In an effort to correctly assess this estimator, we use Monte Carlo simulation by producing a number of realizations of the GMM knowledge and estimate p1 for every realization as proven within the Python code under.

# Monte Carlo simulation of the MoM estimator
num_monte_carlo_iterations = 500
p1_est = np.zeros((num_monte_carlo_iterations,1))

sample_size = 1000
p1 = 0.2 # chance that the information level comes from first gaussian
mixing_prob = [p1, (1-p1)]
# A stream of indices from which to decide on the element
GMM_idx = np.random.alternative(len(mixing_prob), dimension=sample_size, exchange=True, 
          p=mixing_prob)
for iteration in vary(num_monte_carlo_iterations):
  sample_data = np.fromiter((stats.norm.rvs(*(norm_params[i])) for i in GMM_idx))
  p1_est[iteration] = (sum(pow(x,2) for x in sample_data)/len(sample_data) 
                       - pow(sigma_2,2))/(pow(sigma_1,2) - pow(sigma_2,2))

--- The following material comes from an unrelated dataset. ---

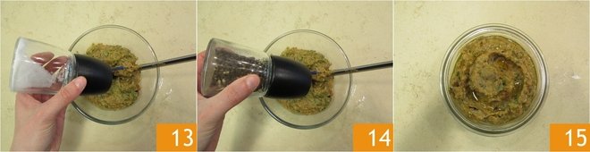 Lastly, add salt 13 and pepper 14 to taste and stir with a spoon. Your rustic eggplant pesto is ready 15!

Then, we examine for the bias and variance of our estimator and evaluate to the theoretical outcomes that we derived earlier as proven under.

p1_est_mean = np.imply(p1_est)
p1_est_var = np.sum((p1_est-p1_est_mean)**2)/num_monte_carlo_iterations
p1_theoritical_var_num = 3*p1*pow(sigma_1,4) + 3*(1-p1)*pow(sigma_2,4) 
                         - pow(p1*pow(sigma_1,2) + (1-p1)*pow(sigma_2,2),2)
p1_theoritical_var_den = sample_size*pow(sigma_1**2-sigma_2**2,2)
p1_theoritical_var = p1_theoritical_var_num/p1_theoritical_var_den
print('Pattern variance of MoM estimator of p1 = %.6f' % p1_est_var)
print('Theoretical variance of MoM estimator of p1 = %.6f' % p1_theoritical_var)
print('Imply of MoM estimator of p1 = %.6f' % p1_est_mean)

# Under are the outcomes of the above code
Pattern variance of MoM estimator of p1 = 0.001876
Theoretical variance of MoM estimator of p1 = 0.001897
Imply of MoM estimator of p1 = 0.205141

We will observe from the above outcomes that the imply of the p1 estimate equals 0.2051 which could be very near the true parameter p1 = 0.2. This imply will get even nearer to the true parameter because the pattern dimension will increase. Thus, we now have numerically proven that the estimator is unbiased as confirmed by the theoretical outcomes completed earlier. 

Furthermore, the pattern variance of the p1 estimator (0.001876) is sort of equivalent to the theoretical variance (0.001897) which is gorgeous. 

It’s at all times a cheerful second when principle matches apply!

All photographs on this article, until in any other case famous, are by the creator.